I was regarding Michael Bay with contempt before it was cool. This was the guy who directed common-denominator movies designed to pander to dipshits, from Armageddon (1998) to Pearl Harbor (2001) to the moronic and incoherent Transformers (2007) and its many sequels.

Before all that, though, in 1995, he directed Bad Boys (1995), and it was kind of fun, even with Téa Leoni as a walking stereotype. It wasn’t a great movie, but it was fun. And then Michael Bay returned to direct the 2003 sequel, which . . . wasn’t as good.

I guess Michael Bay was busy this time around, because another 17 years later, we’re treated with Bad Boys for Life, now directed by “Adil and Bilall,” a relatively unknown Belgian director duo, who, incidentally, were 7 and 9 years old when the original Bad Boys was released. Surely a couple young, hip directors will breathe some fresh life into this old franchise, right?

Wrong. This movie has the feel of something directed by people who need a little more practice, and is written—by a team of three writers—with no trace of originality or genuine wit. Okay, I’ll admit I laughed a few times. That has less to do with the boneheaded action-movie writing than it does with the familiar chemistry between Will Smith and Martin Lawrence, who are now 25 years older than they were in the first one of these movies. The script is peppered with a good amount of jokes about their age.

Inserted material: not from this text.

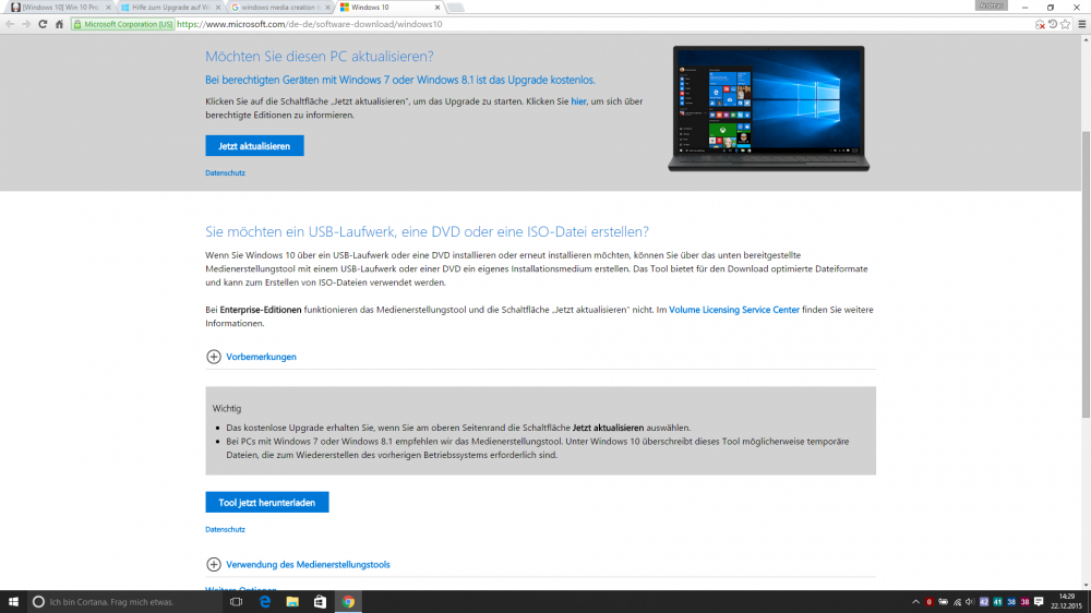 Edit: Das ist die Seite vom Creation Tool und dort gibt man nichts ein. Man lädt das Tool herunter und mit diesem erstellt man dann einen Stick. Die Iso ist die mit beiden Versionen, hab mal einen Screenshot der deutschen Seite. Genau von der Seite aus habe ich angefangen meinen Stick zu erstellen, mit dem ich dann die Installation versucht habe.

Adil El Arbi and Bilal Fallah clearly want this movie to be part of Michael Bay’s legacy, with its refusal ever to traffic in subtlety. The villain is, I kid you not, a Mexican witch (played by Mexican actress Kate del Castillo). I guess each of these movies must have a different woman in a key supporting role. This one has two, the other one a fellow cop played by Paola Nuñez. Both are old flames of Will Smith’s Detective Mike Lowrey. Side note: Vanessa Hudgens also features in a part as one of a new “AMMO” squad staffed by younger people. I guess just because these movies are set in Miami, the villains always have to be Latino. Speaking of which, there’s a lot of wide shots of the Miami skyline, which I suppose is cool. Until it gets, like everything else in this movie, vastly overused.

For a lot of people, Bad Boys for Life will just be a fun return to the mindless nineties action movie aesthetic, and I get it. It’s just not for me. And too many of the plot turns are predictable—a notable thing for me to notice, as I am never looking to predict where the story is going. The script employs narrative devices that were overdone twenty years ago, like a fake-out meant to make us think Mike has died, even though the movie is less than half over. I’d have far more respect for this movie if they actually did kill him off forty minutes in.

So okay, sure, this movie is just harmless, dumb fun. I only found it sporadically fun, and mostly just dumb. And a movie like this doesn’t have to be so lazy in its execution. But, a time tested truth is that lazily executed movies with likable stars will always have an audience. I prefer a movie made by people making more of an effort.

They’re getting too old for this shit.

They’re getting too old for this shit.